The traveller has experience of the strange and wonderful. They remember their journey to the Ijen Crater in Java – ‘Please close your windows,’ someone said, ‘and be careful of jaguars, snakes and paranormal activity…’ – and consider the spirits they’ve encountered.
They’ve witnessed inexplicable things, the traveller, but never before have they seen an entire ghost pool. Not until they arrived in Phnom Penh and witnessed Lakeside.

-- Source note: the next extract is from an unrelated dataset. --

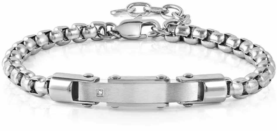 Nomination Strong sarjan miehekäs rannekoru jota koristaa kirkkaana säihkyvä timantti.
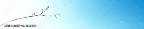 Single isolated branch against a bright blue sky on white background, nature, mist

Whispers had been growing in the city for some time. Boeung Kak, the bottomless blue pit near the heart of Phnom Penh, faced extinction. Faceless authority figures hatched plans to fill the lake with concrete. The lake would come to an end. Stories and symbiotic links with generations untold brought to a sudden and terrible demise, drowned and solidified to appease the machinations of a concrete god going by the name of progress.

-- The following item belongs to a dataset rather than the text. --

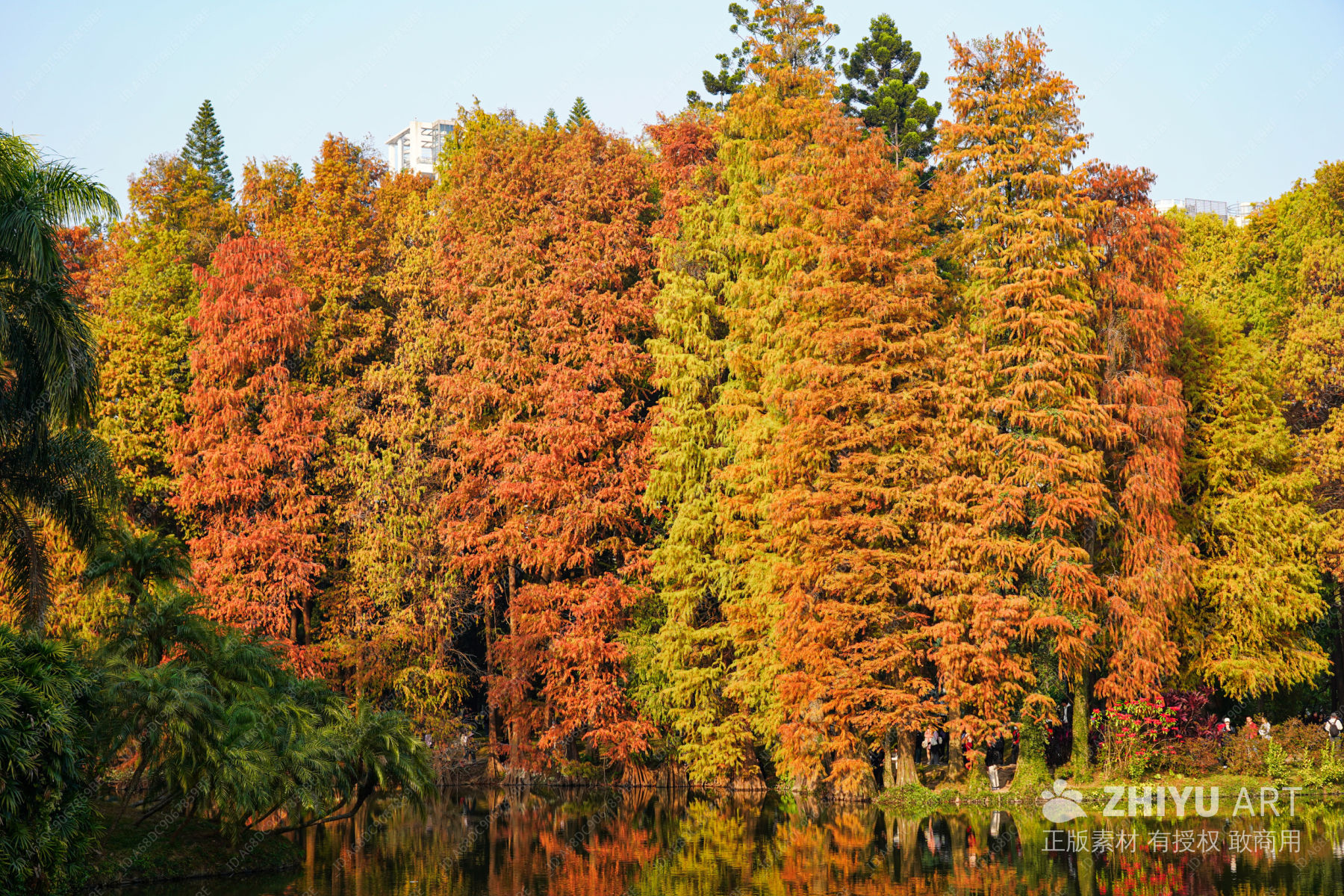 深水湖面波光粼粼,环境空旷。阳光明媚的秋日,湖边生

‘Not so,’ the populace said, more in hope than defiance. ‘This is an intrinsic link to ourselves.’
Such pleas fail to register with the foul ghoul of change. Belly rumbling with cavernous, monstrous glee, the beast waves its degenerate hand dismissively. The lake, and the countless memories attached to it, is no more. In its stead, a desolate plateau; an icon vanquished with nary a whisper.
Welcome to the Fall
The sky pulsates softly as bountiful shades of blue give way to doleful dark, and the traveller stares over the now-concrete flatland. Endless chatter, remnants of countless aeons, washes over them, names and faces of passing souls searing their mind with infinite rapidity.
Read more: What lurks at the snake temple of Han Chey, Cambodia?
In the distance, the traveller spies the silhouette of a fishing vessel, locked in an eternal loop; the shadows of its crew seem panicked and lost, their angular body language jarring with the peacefully darkening night. Fading sounds of celebration wash over the lake, serenading it with plaintive, mournful tones. The traveller turns away. This doomed and unending narrative is too much to bear.
Such is the price of progress in Phnom Penh.